Alexej Abyzov et al., CNVnator: An approach to discover, genotype and characterize typical and atypical CNVs from family and population genome sequencing, Genome Res. 21 (2011), doi:10.1101/gr.114876.110

We have developed a method, CNVnator, for CNV discovery and genotyping from read-depth(RD) analysis of personal genome sequencing.

Overall, for CNVs accessible by RD, CNVnator has high sensitivity (86%-96%), low false-discovery rate(3%-20%), high sequencing coverage). Furthermore, CNVnator is complementary in a straightforward way to split-read and read-pair approach: It misses CNVs created by retrotransposable elements, but more than half of the validated CNVs that it identifies are not detected by split-read or read-pair.

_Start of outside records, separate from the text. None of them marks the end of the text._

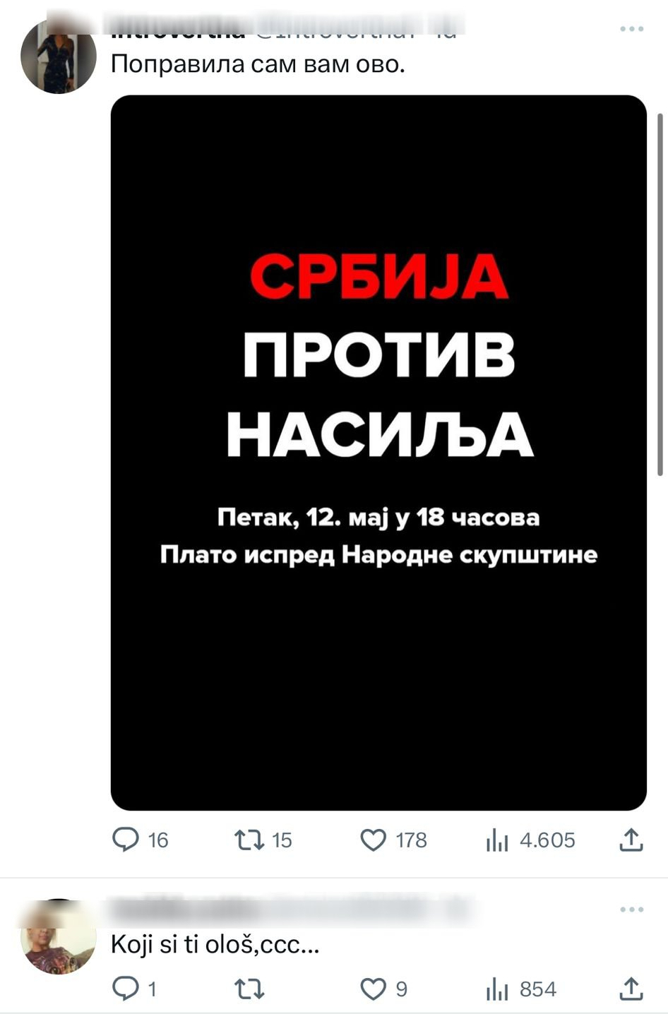 Nasilje i pretnje nisu nikada prihvatljive i trebamo se držati mira i dijaloga kako bismo rešili probleme u našem društvu.
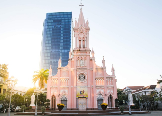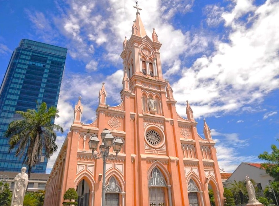 다낭 시내 한복판, 파란 하늘과 대비되는 화사한 분홍빛 외관은 보는 것만으로도 여행의 설렘을 깨웁니다. 프랑스 고딕 양식의 섬세한 디테일이 살아있는 이곳에서 우리만의 첫 번째 인생샷을 남겨보세요.
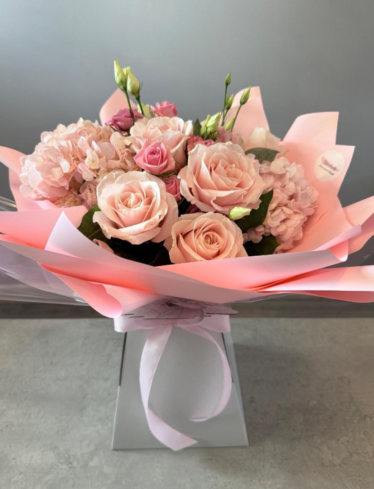 Our bouquets are made up with a mixture of fresh seasonal flowers, they come handtied in a bubble of water, these can be kept in the box and topped up with water or can be transferred to a vase.
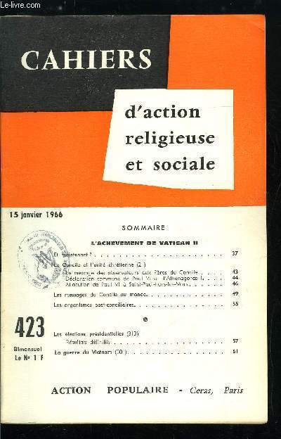 Bureau de la revue. 15 janvier 1966. In-12. Broché. Bon état, Couv. convenable, Dos satisfaisant, Intérieur frais. Paginé de 37 à 68.. . . . Classification Dewey : 260-Théologie sociale chrétienne

Originally, CNVs were detected from the analysis of SNP and CGH array data, and this is still a cost-effective method for CNV discovery and genotyping. However, new sequencing-based approaches offer a valuable alternative as they enable the discovery of more CNVs of all types (inversions and translocations that are not seen by CGH) and size (including indels).

Here we present a novel method, CNVnator, to detect CNV’s from a statistical analysis of mapping density, i.e., RD, of short reads from next-generation sequencing platforms. Previous approaches using RD were limited to only unique regions of the genome, discovered only large CNVs with poor breakpoint resolution, or could not perform genotyping. CNVnator is able to discover CNVs in a vast range of sizes, from a few hundred bases to megabases in length, in the whole genome.

Indeed, we observed that the overall strength to discover CNVs, measured as the ratio of the mean to sigma of the Gaussian fit of the RD distribution, correlates with sequencing coverage. However, the uniformity of coverage across the genome is also of extreme importance.

Discovering duplications (compared to deletions) by the mean of the RD represents a greater discovery challenge for several reasons, First, mismapping in repeats can look like a duplication. Second, reads that originate from genomic regions that are not in the reference (i.e.., gaps) will map to the homologous regions.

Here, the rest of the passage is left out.